▶ Excerpted data:
----
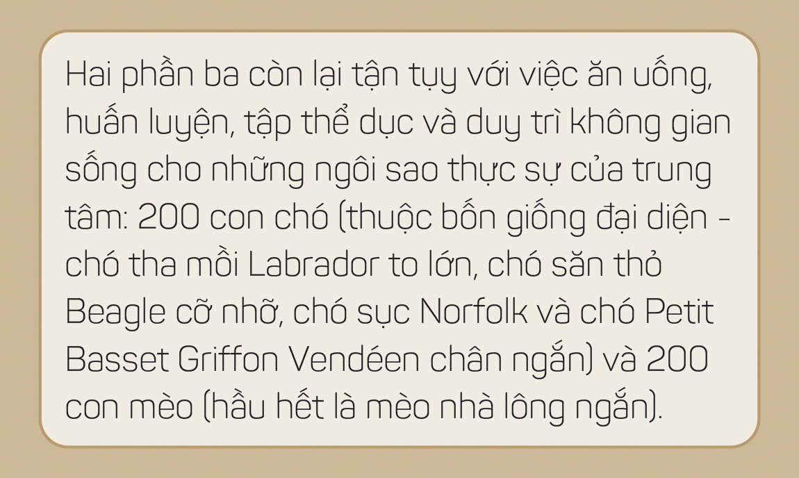 Giữa tất cả các hoạt động huấn luyện, vui chơi, thè lưỡi và vẫy đuôi, những con chó và mèo này đang làm việc chăm chỉ.
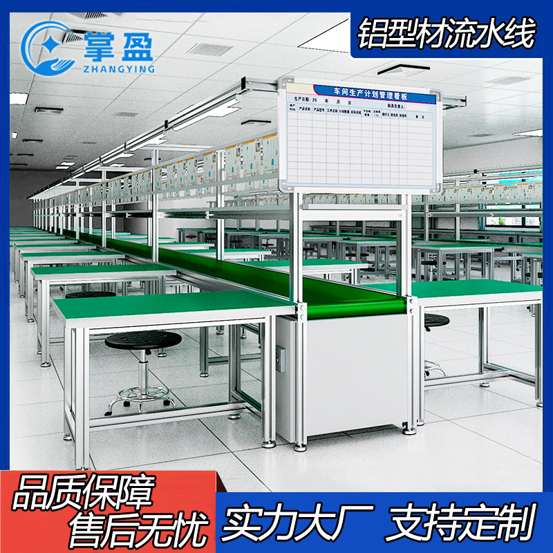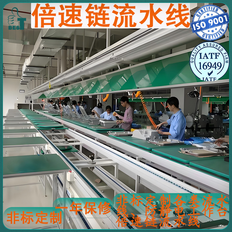 生产线整体支架采用40*40*1.2标准工业铝材加标准连接件组装而成,传动皮带采用绿色亮光硬皮带,动力系统采用220V优质电机和齿轮调速系统带动, 台面板采用16mm三胺板贴2mm哑光防静电台垫,四周包灰白色封边条,工作台照明系统采用T-5单支带罩百分百节能灯,灯罩自带开关,电源排插采用香港公牛国际标准排插,脚杯采用黑色工业水平防静电调节脚杯,作业指导书看板采用压克力看板,可配置置物台,物料台,抽屉,静电扣等附件。产品广泛应用于电子制造业 ,汽车工业,制药业,各种化工,精密五金,净化车间等多样化生产环节。可根据实际需求设计各种不同造型,产品骨架管材可采用精益管,防静电精益管,彩钢管等多种管材组合,也可采用其它多种金属材料组装而成灵活方便,客户可根据实际生产需求进行简单有效的调节,能提高企业的生产效率和形象,为企业节约生产成本。
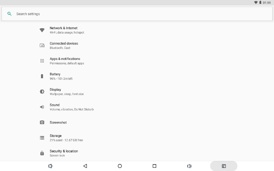 a. In the home screen, tap the launcher Tab and then touch Settings to show the settings menu.
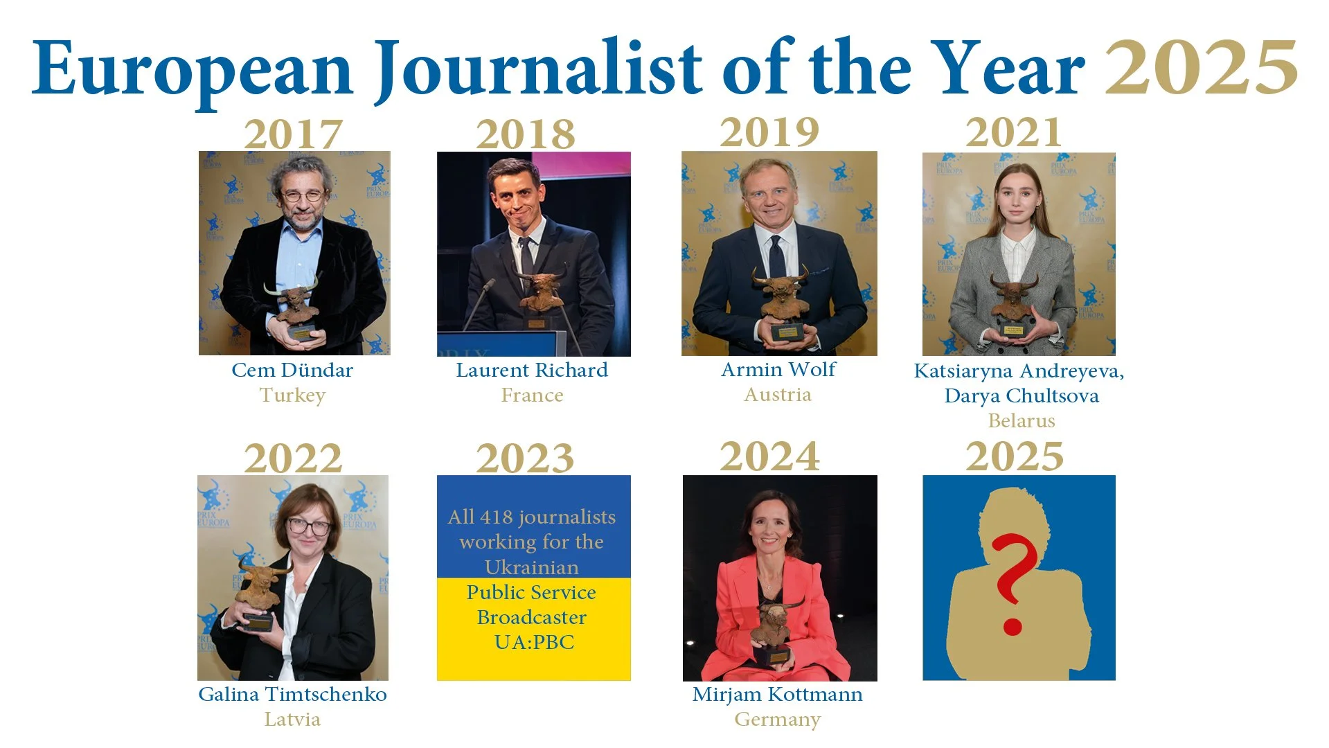 Our laureates embody these values and act as powerful ambassadors of democratic dialogue. Each production, each piece of content is an invitation to exchange, to reflect, and to engage – nourishing the democratic fabric that unites us. I warmly congratulate all participants: your commitment highlights the richness, resilience, and daily efforts of journalists and creators who strive for quality and rigorous public service media. Keep up the great work and continue to inspire.
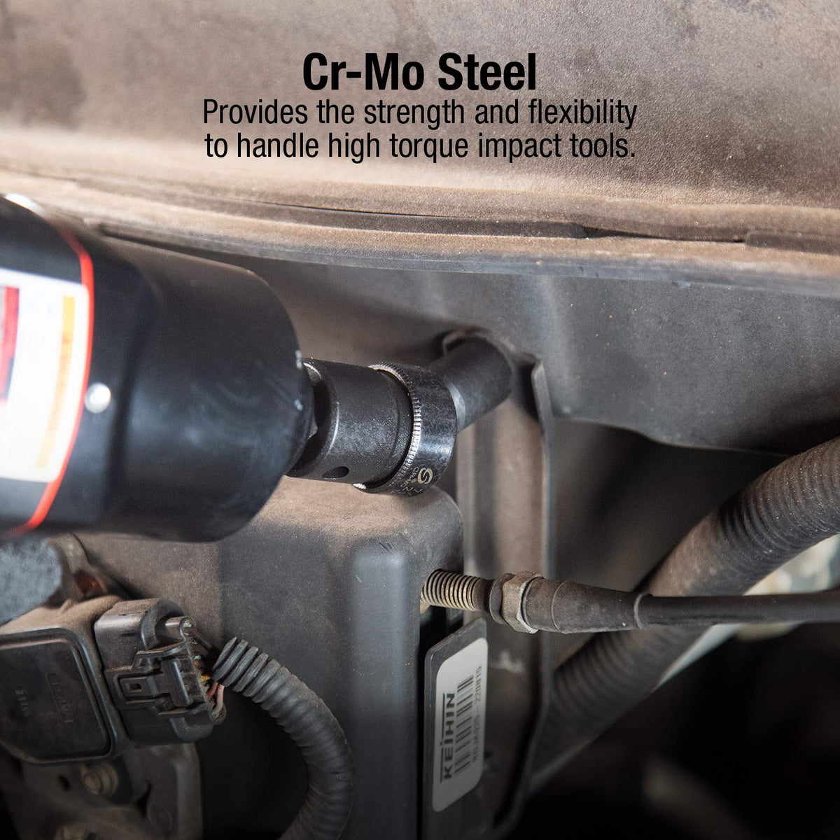 Q: What materials are used in the construction of this impact socket set?A: This impact socket set is made from CR-MO alloy steel, which provides exceptional strength and durability, allowing it to withstand high torque applications.
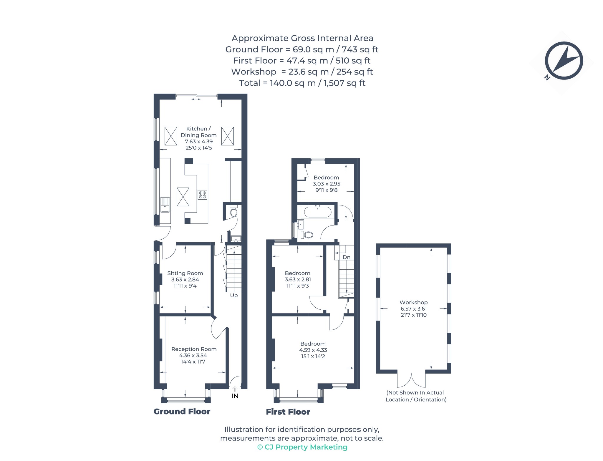 Two double bedrooms are located on the first floor, along with a further bedroom and a three-piece family bathroom. In addition, there is a large workshop to the rear of the garden, complete with power and lighting.
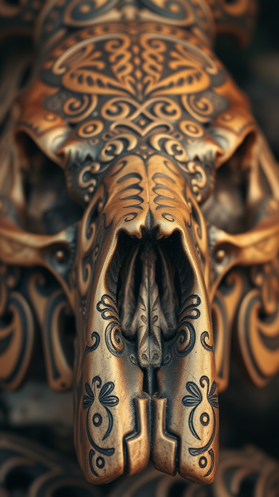 Maori intricately engraved skull high-resolution cinematic photograph rich in cultural detail.
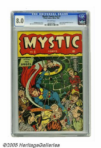 <B>Mystic Comics V2#3 (Timely, 1944) CGC VF 8.0 Off-white pages.</B></I> A great bondage cover starring the Angel is credited as a swipe from <B>Mystic</B></I> #1. Hey, if you're going to swipe, steal from your own! Artists include Al Bellman, Bob Powell, and Mike Sekowsky. This copy appears very sharp and attractive. Overstreet 2005 VF 8.0 value = $756. CGC census 7/05: 2 in 8.0, 1 higher.
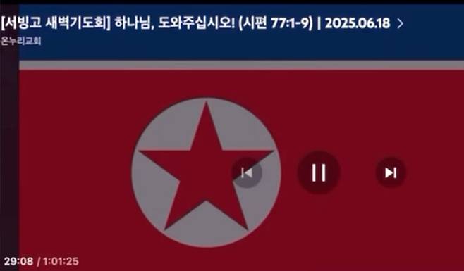 19일 온누리교회에 따르면 전날 새벽 서울 용산구에 있는 이 교회 서빙고 캠퍼스(서빙고 온누리교회)에서 박 모 목사의 설교 장면을 유튜브로 중계하던 중 약 20초 동안 화면에 인공기가 등장했습니다.
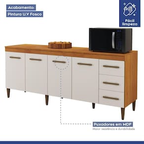 Preparar aquela receita especial vai ficar muito mais prático com a presença do Balcão Atenas. Além de oferecer nichos de tamanho ideal para acomodar panelas, produtos de mercearia e até eletrodomésticos, ele também conta com gavetas para guardar talheres, panos de prato e utensílios indispensáveis na hora de cozinhar - o tampo também é uma ajuda e tanto para picar alimentos ou apoiar itens de decoração! Por fora, a estrutura básica e cor leve são ótimas para ajudar a compor o espaço gourmet dos sonhos já que harmonizam bem com outras tonalidades e acessórios que usar para criar um cantinho com a sua personalidade. Daí é só combiná-lo com armários aéreos ou paneleiros e aproveitar as vantagens de ter tudo fácil de alcançar e bem organizado. Balcão Atenas 4 Portas e 3 Gavetas : Escala de Brilho:Semi-Brilho Ambiente Principal: Cozinha Altura : 86cm Largura: 201cm Profundidade: 53cm Peso: 61,8 Acabamento: Pintura Texturizada UV Material Principal: MDP Possui Portas: 04 Material da Porta: MDP Acabamento da Porta: Pintura UV Escala de Brilho da Porta: Semi-Brilho Tipo de Porta: Bater Tipo de Puxador da porta: Externo Material do Puxador da Porta: MDF Tipo de Dobradiça/Corrediça da Porta: Metálica Possui Prateleiras :02 Material da Prateleira: MDP Acabamento da Prateleira: Pintura Texturizada UV Escala de Brilho da Prateleira: Semi-Brilho Peso Máximo por Prateleira: 20 Tipo de Madeira Maciça da Prateleira: Possui Gavetas: 03 Gaveta com Chave : Não Material da Gaveta: MDP Acabamento da Gaveta: Pintura UV Escala de Brilho da Gaveta : Semi-Brilho Tipo de Corrediça da Gaveta: Metálica Telescópica Tipo de Puxador da Gaveta: Externo Material do Puxador da Gaveta: MDF Peso Máximo por Gaveta: 5 Possui Pés: 08 Altura dos Pés: 17 Material dos Pés: Plástico Acabamento dos Pés: Liso Sapatas Niveladoras: Não Pés Reguláveis : Sim Material do Tampo: MDP Acompanha Tampo: Sim Suporta Granito : Não Balcão Acompanha Pia: Não Medida do Tampo (L x C x E): 201cmx53cmx1,5cm Estilo: Moderno Recomendações de Uso, Manutenção e Limpeza: Recomendamos que a limpeza seja feita apenas com pano umedecido. Sistema de : Parafusos Itens Inclusos: 1 Balcão e manual de .
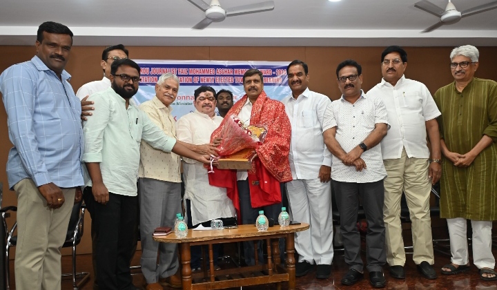 కె.శ్రీనివాస్ రెడ్డి , టియుడబ్ల్యూజే రాష్ట్ర అధ్యక్షుడుగా బాధ్యతలు చేపట్టిన కె.విరాహత్ అలీలతో పాటు, టీయుడబ్ల్యూజే కార్యదర్శి వి.యాదగిరి , కోశాధికారి వెంకట్ రెడ్డి , కార్యదర్శి శ్రీకాంత్ రెడ్డి , హౌసింగ్ సొసైటీ అధ్యక్షుడు బొమ్మగాని కిరణ్ కుమార్ , టియుడబ్ల్యూజే కార్యవర్గ సభ్యులు ఏ.రాజేష్ , అనిల్ , గౌస్ మోహినుద్దీన్ తదితరులను మంత్రి పొన్నం సన్మానించి , శుభాకాంక్షలు తెలిపారు
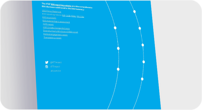 The AT&T ESG reporting website provides comprehensive ESG disclosure additional to this ESG Summary: 2022 Proxy Statement ESG reporting indexes ( GRI , SASB , UNGC , UN SDGs ) ESG issue briefs ESG material topics assessment TCFD report CDP Climate Change disclosure Diversity, Equity & Inclusion (DE&I) report Political engagement report Transparency report @ATTimpact ATTimpact att.com/csr
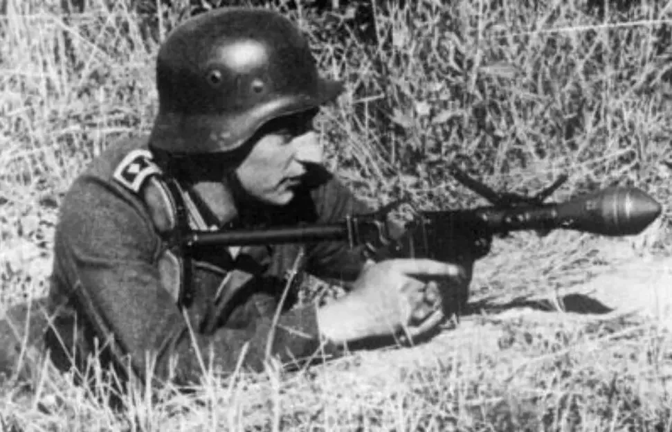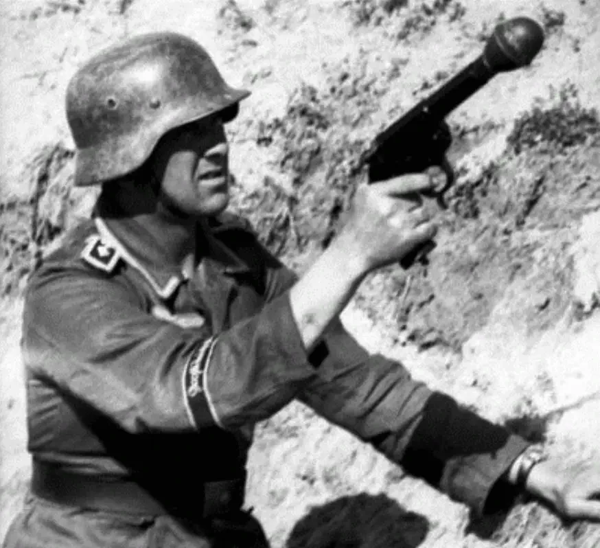 Немецкий солдат стреляет пистолетной гранатой
----
Repeat the material above in full and exactly, omitting the pictures.

 Giữa tất cả các hoạt động huấn luyện, vui chơi, thè lưỡi và vẫy đuôi, những con chó và mèo này đang làm việc chăm chỉ.
 生产线整体支架采用40*40*1.2标准工业铝材加标准连接件组装而成,传动皮带采用绿色亮光硬皮带,动力系统采用220V优质电机和齿轮调速系统带动, 台面板采用16mm三胺板贴2mm哑光防静电台垫,四周包灰白色封边条,工作台照明系统采用T-5单支带罩百分百节能灯,灯罩自带开关,电源排插采用香港公牛国际标准排插,脚杯采用黑色工业水平防静电调节脚杯,作业指导书看板采用压克力看板,可配置置物台,物料台,抽屉,静电扣等附件。产品广泛应用于电子制造业 ,汽车工业,制药业,各种化工,精密五金,净化车间等多样化生产环节。可根据实际需求设计各种不同造型,产品骨架管材可采用精益管,防静电精益管,彩钢管等多种管材组合,也可采用其它多种金属材料组装而成灵活方便,客户可根据实际生产需求进行简单有效的调节,能提高企业的生产效率和形象,为企业节约生产成本。
 a. In the home screen, tap the launcher Tab and then touch Settings to show the settings menu.
 Our laureates embody these values and act as powerful ambassadors of democratic dialogue. Each production, each piece of content is an invitation to exchange, to reflect, and to engage – nourishing the democratic fabric that unites us. I warmly congratulate all participants: your commitment highlights the richness, resilience, and daily efforts of journalists and creators who strive for quality and rigorous public service media. Keep up the great work and continue to inspire.
 Q: What materials are used in the construction of this impact socket set?A: This impact socket set is made from CR-MO alloy steel, which provides exceptional strength and durability, allowing it to withstand high torque applications.
 Two double bedrooms are located on the first floor, along with a further bedroom and a three-piece family bathroom. In addition, there is a large workshop to the rear of the garden, complete with power and lighting.
 Maori intricately engraved skull high-resolution cinematic photograph rich in cultural detail.
 <B>Mystic Comics V2#3 (Timely, 1944) CGC VF 8.0 Off-white pages.</B></I> A great bondage cover starring the Angel is credited as a swipe from <B>Mystic</B></I> #1. Hey, if you're going to swipe, steal from your own! Artists include Al Bellman, Bob Powell, and Mike Sekowsky. This copy appears very sharp and attractive. Overstreet 2005 VF 8.0 value = $756. CGC census 7/05: 2 in 8.0, 1 higher.
 19일 온누리교회에 따르면 전날 새벽 서울 용산구에 있는 이 교회 서빙고 캠퍼스(서빙고 온누리교회)에서 박 모 목사의 설교 장면을 유튜브로 중계하던 중 약 20초 동안 화면에 인공기가 등장했습니다.
 Preparar aquela receita especial vai ficar muito mais prático com a presença do Balcão Atenas. Além de oferecer nichos de tamanho ideal para acomodar panelas, produtos de mercearia e até eletrodomésticos, ele também conta com gavetas para guardar talheres, panos de prato e utensílios indispensáveis na hora de cozinhar - o tampo também é uma ajuda e tanto para picar alimentos ou apoiar itens de decoração! Por fora, a estrutura básica e cor leve são ótimas para ajudar a compor o espaço gourmet dos sonhos já que harmonizam bem com outras tonalidades e acessórios que usar para criar um cantinho com a sua personalidade. Daí é só combiná-lo com armários aéreos ou paneleiros e aproveitar as vantagens de ter tudo fácil de alcançar e bem organizado. Balcão Atenas 4 Portas e 3 Gavetas : Escala de Brilho:Semi-Brilho Ambiente Principal: Cozinha Altura : 86cm Largura: 201cm Profundidade: 53cm Peso: 61,8 Acabamento: Pintura Texturizada UV Material Principal: MDP Possui Portas: 04 Material da Porta: MDP Acabamento da Porta: Pintura UV Escala de Brilho da Porta: Semi-Brilho Tipo de Porta: Bater Tipo de Puxador da porta: Externo Material do Puxador da Porta: MDF Tipo de Dobradiça/Corrediça da Porta: Metálica Possui Prateleiras :02 Material da Prateleira: MDP Acabamento da Prateleira: Pintura Texturizada UV Escala de Brilho da Prateleira: Semi-Brilho Peso Máximo por Prateleira: 20 Tipo de Madeira Maciça da Prateleira: Possui Gavetas: 03 Gaveta com Chave : Não Material da Gaveta: MDP Acabamento da Gaveta: Pintura UV Escala de Brilho da Gaveta : Semi-Brilho Tipo de Corrediça da Gaveta: Metálica Telescópica Tipo de Puxador da Gaveta: Externo Material do Puxador da Gaveta: MDF Peso Máximo por Gaveta: 5 Possui Pés: 08 Altura dos Pés: 17 Material dos Pés: Plástico Acabamento dos Pés: Liso Sapatas Niveladoras: Não Pés Reguláveis : Sim Material do Tampo: MDP Acompanha Tampo: Sim Suporta Granito : Não Balcão Acompanha Pia: Não Medida do Tampo (L x C x E): 201cmx53cmx1,5cm Estilo: Moderno Recomendações de Uso, Manutenção e Limpeza: Recomendamos que a limpeza seja feita apenas com pano umedecido. Sistema de : Parafusos Itens Inclusos: 1 Balcão e manual de .
 కె.శ్రీనివాస్ రెడ్డి , టియుడబ్ల్యూజే రాష్ట్ర అధ్యక్షుడుగా బాధ్యతలు చేపట్టిన కె.విరాహత్ అలీలతో పాటు, టీయుడబ్ల్యూజే కార్యదర్శి వి.యాదగిరి , కోశాధికారి వెంకట్ రెడ్డి , కార్యదర్శి శ్రీకాంత్ రెడ్డి , హౌసింగ్ సొసైటీ అధ్యక్షుడు బొమ్మగాని కిరణ్ కుమార్ , టియుడబ్ల్యూజే కార్యవర్గ సభ్యులు ఏ.రాజేష్ , అనిల్ , గౌస్ మోహినుద్దీన్ తదితరులను మంత్రి పొన్నం సన్మానించి , శుభాకాంక్షలు తెలిపారు
 The AT&T ESG reporting website provides comprehensive ESG disclosure additional to this ESG Summary: 2022 Proxy Statement ESG reporting indexes ( GRI , SASB , UNGC , UN SDGs ) ESG issue briefs ESG material topics assessment TCFD report CDP Climate Change disclosure Diversity, Equity & Inclusion (DE&I) report Political engagement report Transparency report @ATTimpact ATTimpact att.com/csr
 Немецкий солдат стреляет пистолетной гранатой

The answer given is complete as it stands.